Oh hi! I’m back. It’s been a while. Sorry about that. Sometimes my day-job demands long days for extended periods. I hope you won’t be offended when I tell you that when time is short, I commonly prioritise other side-interests, like my marriage, and eating.
But I’m always lurking on the socials – here I am on Twitter, Instagram, and Facebook, and I sometimes pop up in comments on YouTube and Discord. During my recent hiatus, the churn of philatelic activity on those channels prompted some navel-gazing. So let’s lift my shirt and pick through the warm, linty thoughts nestling in the folds of my Covid kilos!
In the belly button of the beast
When this blog started 1, there wasn’t much philatelic content online outside of dealer websites and 1990s-style chatboards. Most philatelic writing that I had access to was either post office PR, or stamp magazine columns. Both of those could be informative, but sometimes risked lulling the reader to sleep.
So I aimed to write something a bit different, and along the way, I began to realise there WAS more engaging stuff around; I’d just been looking in the wrong places. I started a blogroll of links, but it has since become laughably inadequate. I haven’t been able to keep up with the recent explosion of content, and it doesn’t even begin to cover the huge diversity on social media. Who even needs my blogroll when the Digital Philatelist now runs an entire website devoted to telling you what’s happening in online philately?
(Side note: my blogroll is still worth clicking through. It’s called ‘More Online Philately’ and it can be found somewhere near this article, if you’re reading it on a browser and not in your email. Shoutout to subscribers who ARE reading this in your email. Did you know that there are thousands of you?)
There is SO MUCH going on now. And a permanent effect of the Great Covid Lockdown Philatelic Revival of 2020 is the flow of communication between collectors on a global scale. It’s easy to surf recommendations from YouTube channel, to blog, to podcast, to Instagram feed. Likes and retweets and mentions and hashtags: this is how we dig each other’s stuff now. I love it.
There’s been one drawback to it all. I have a long list of ideas that I want to write up. A bunch of them are How To guides, because I know that many readers are new or returning collectors who are seeking information; a bunch more are crazy-dumb historical stories about stamp issues, characters, or controversies, stories that I wanted to tell in engaging ways, in the hope of turning curious netizens into new collectors.
Turns out, I’m too slow. You’ve all collectively gone and beaten me to the best ones. I’m mainly looking at you, Graham Beck of Exploring Stamps.
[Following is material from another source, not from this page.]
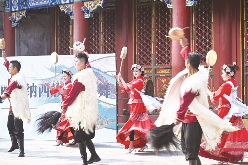 近日,“和美流芳——丽江木府历史文化主题展”在北京恭王府博物馆开幕。该展由恭王府博物馆与云南省丽江市人民政府联合策划,精选70余件珍贵文物,系统讲述丽江木氏土司维护国家统一、促进民族交融的事迹。图为演员在开幕式上表演纳西族勒巴舞。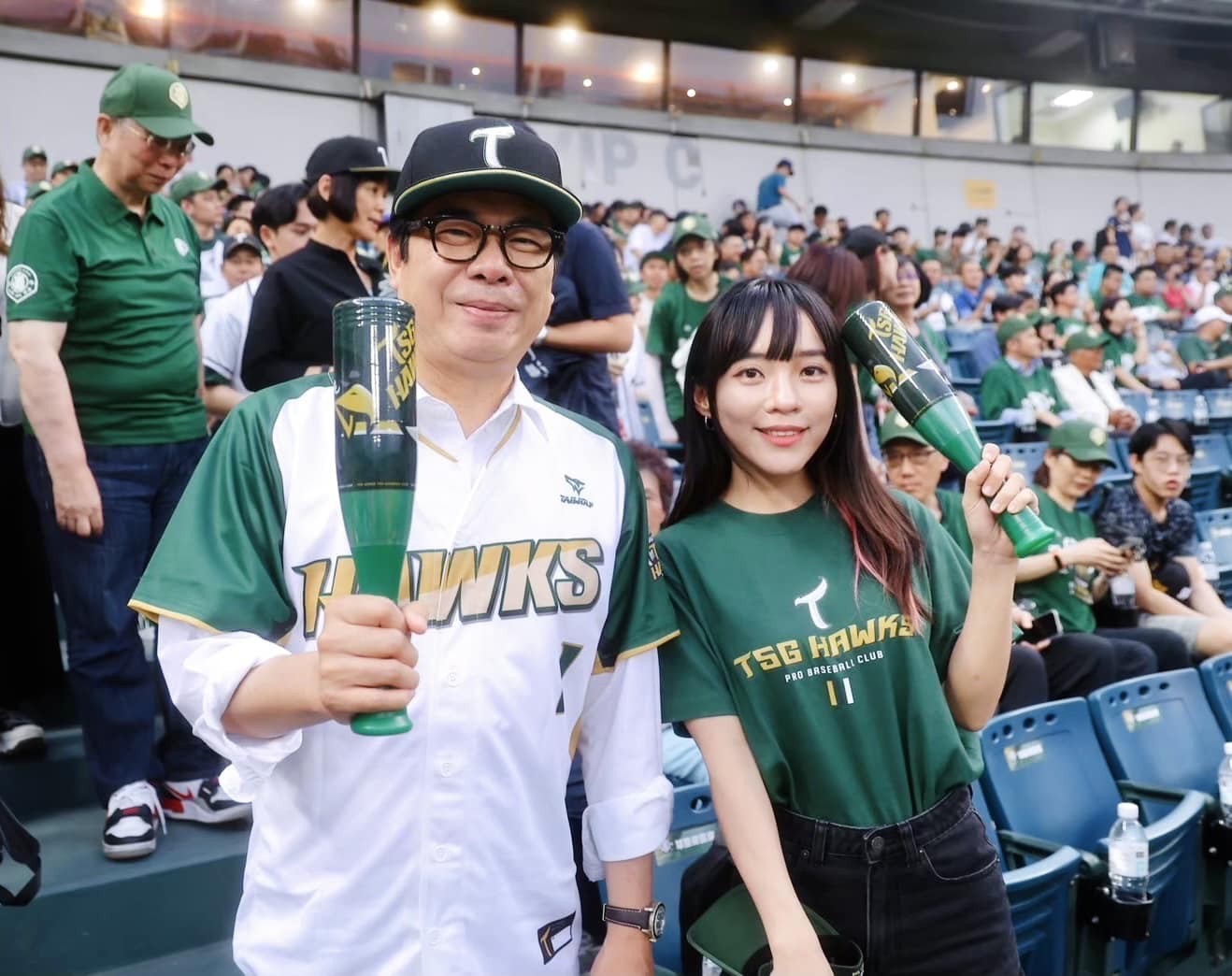 黃捷與高雄市長陳其邁幫台鋼雄鷹應援。(記者翻攝)

I regularly curse Graham’s name as I strike another topic off my list. But I can’t hold it against him when he does such a fantastic job of telling these stories. Many have now followed in his footsteps, especially on Youtube; the only reason I’m not naming them right now is that I will inevitably forget someone deserving.
I have a cunning plan
So, I reckon it’s time to wind back the scope of this blog. I’m hanging up my saviour complex. No one needs me to guide them through the hobby or explain Machin stamps to them, not when there are now a dozen other websites and YouTube videos custom-made for that purpose. I’m also done explaining how the internet works. If you’re reading this, then you’ve probably got the gist. Furthermore, I am going to try really hard to resist my natural urge to research EVERYTHING about a topic before I start writing about it. It means every post takes way too long to write, and it results in posts that are too long to read. (How are you going with this one, by the way? This is the edited version. I do bloody love a chat, don’t I?)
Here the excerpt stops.